We examine every line break and every stanza break—guessing why he did what he did—and in the end we agree that the poem couldn’t be broken up in any other way and still accomplish what it accomplishes. We note that Nelson loads maximum power into each word—not only through his choice of words but through his placement of each word. And through the breaks, he precisely controls the velocity of the reader’s experience of the poem. He offers up poems that invite meditation, invite rereading. Just as with the most minute details in nature, or with the spinning wheel of a car, or a single woolen glove lying on a dirt trail, the more you look, the more you see.
            It is this unrelenting attention to detail, this devoted precision, this respect for every individual word—every syllable, even—every space, every punctuation mark, and every line space and stanza break, that makes Nelson Ball one of Canada’s most remarkable poets.
            Nelson is what might be called a poet’s poet: he is widely revered by many Canadian and international poets.
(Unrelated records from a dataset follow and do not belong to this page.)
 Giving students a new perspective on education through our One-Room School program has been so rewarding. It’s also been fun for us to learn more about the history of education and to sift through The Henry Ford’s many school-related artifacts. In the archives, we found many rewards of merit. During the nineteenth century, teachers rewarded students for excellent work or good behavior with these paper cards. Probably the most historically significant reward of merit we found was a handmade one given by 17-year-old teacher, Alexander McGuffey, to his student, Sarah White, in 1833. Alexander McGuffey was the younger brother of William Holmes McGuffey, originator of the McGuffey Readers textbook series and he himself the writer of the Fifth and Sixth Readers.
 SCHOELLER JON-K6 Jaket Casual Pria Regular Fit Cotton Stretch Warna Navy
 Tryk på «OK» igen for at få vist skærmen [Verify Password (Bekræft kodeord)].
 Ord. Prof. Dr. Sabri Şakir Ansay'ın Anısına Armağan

But Nelson is also a people’s poet: his work is instantly accessible, plainspoken, direct. Whenever I introduce his poetry to a group of students or an individual, Nelson earns new fans. Regardless of the type of poetry the student is writing, or wishes to write, there is admiration for and interest in Nelson’s poetry. I sometimes refer to him as Canadian poetry’s secret weapon. Anyone—even those with no prior experience with poetry—can read a Nelson Ball poem and find pleasure in it. That may be true of any poem, but people often say they “feel stupid” or “it went over my head” when they don’t “understand” poetry. It’s a rare Nelson Ball poem that can make anyone feel stupid. In this way, Nelson’s work has a universal appeal among those who can read and understand English. He is not just an academic; you don’t need a background in theory or any special training to enjoy his work.
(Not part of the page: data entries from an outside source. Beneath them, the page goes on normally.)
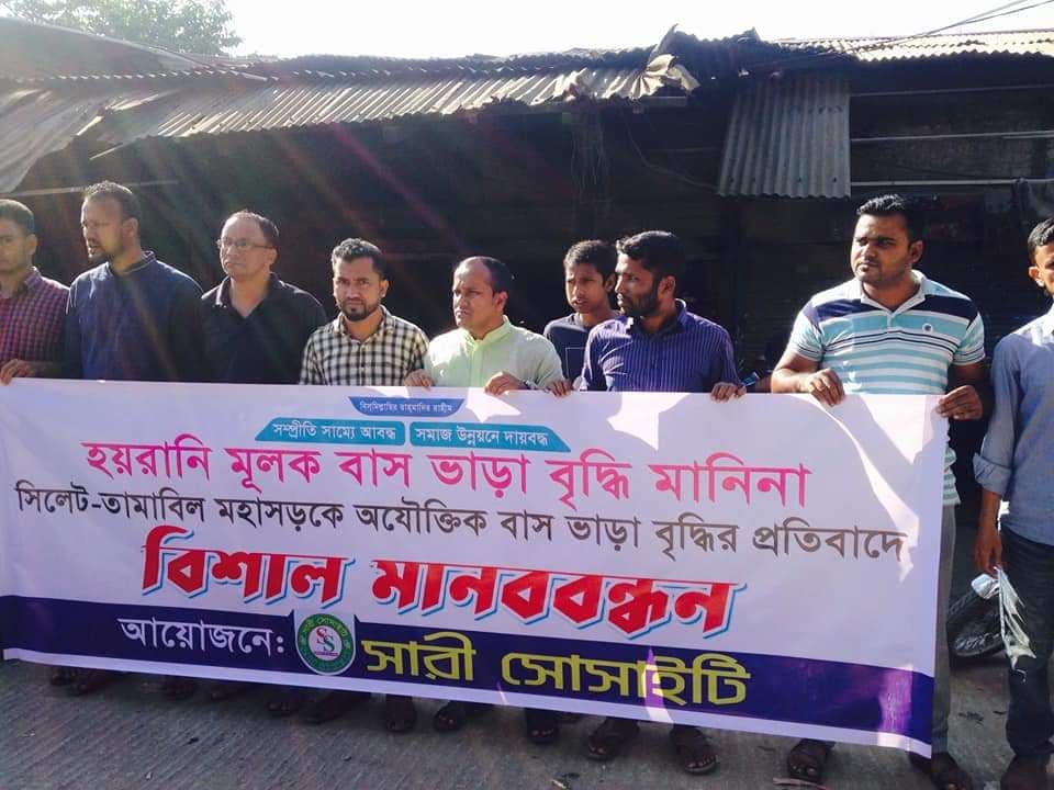 সিলেট-তামাবিল মহাসড়কে যাত্রী পরিবহন সেবার মান বৃদ্ধি না করে বাস মালিক সমিতি ও বাস চালক সমিতি কিলোমিটার প্রতি ১ টাকা ২০ পয়সা হারে ভাড়া বৃদ্ধির করার প্রতিবাদে সারী সোসাইটির উদ্যোগে জৈন্তাপুরে মানববন্ধন পালন করা হয়েছে। বুধবার বিকাল ৩টায় জৈন্তাপুর বাসস্টেশনে এ মানববন্ধন করা হয়।
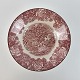 Rød Paris er af engelsk fajance dekoreret med forskellige landskaber og blomster i kanten, alt i forskellige røde nuancer
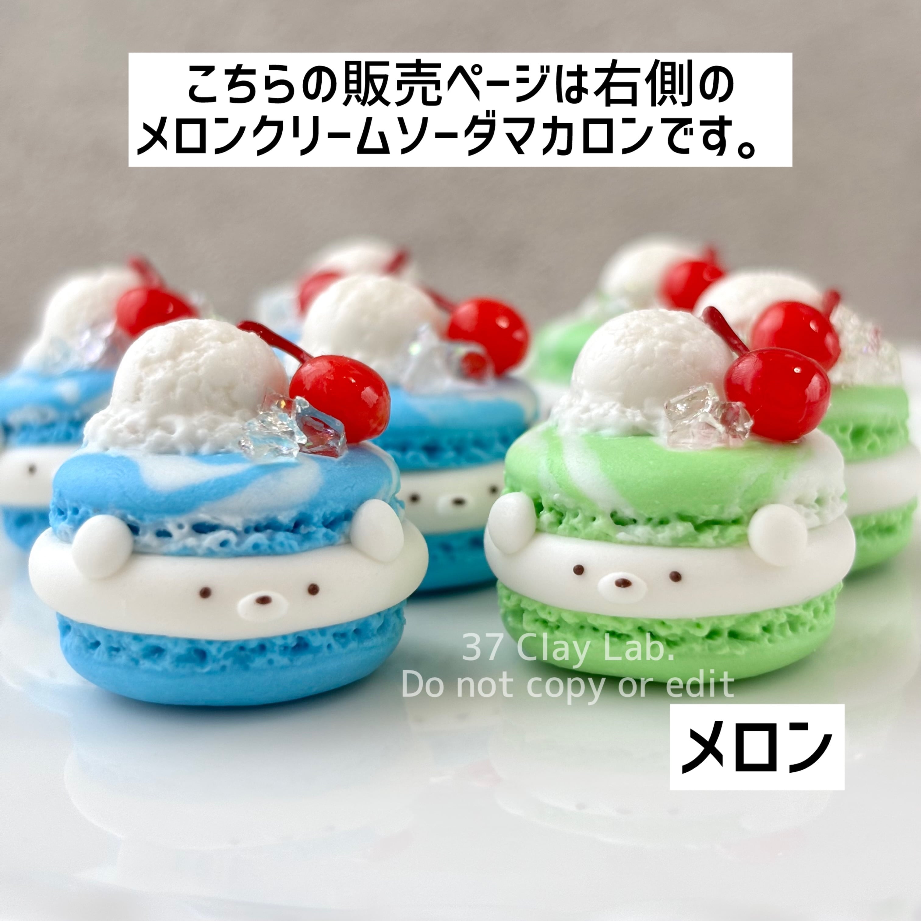 メロンクリームソーダをちーくまを挟んだマカロンで表現してみました。

The volume concludes with a short essay by Ball, which editor Ross suggests is Ball’s first published prose on his work, in which he describes some of how he writes, and how he got to where he is now.

I liked haiku as simple nature poems. But I didn’t want to restrict the forms of my poems, so I didn’t try to write haiku. In truth, I had difficulty identifying and counting syllables. I had a strong desire to write poems of pure description, letting the image reveal itself without any direct statement of idea or emotion. I found it difficult to make this kind of spare expression work. My observations of both the world and of words and language were too generalized, not particular enough. I was looking for some kind of magic rather than looking at the particularities of words and the world.

One can never fully stress the care that goes into the composition of Nelson Ball’s poems, but one shouldn’t overstate such, either. The poems are remarkable, and deserve multiple, slow readings. It is a grand thing to see such a collection, especially one put together by an editor as attentive as Stuart Ross.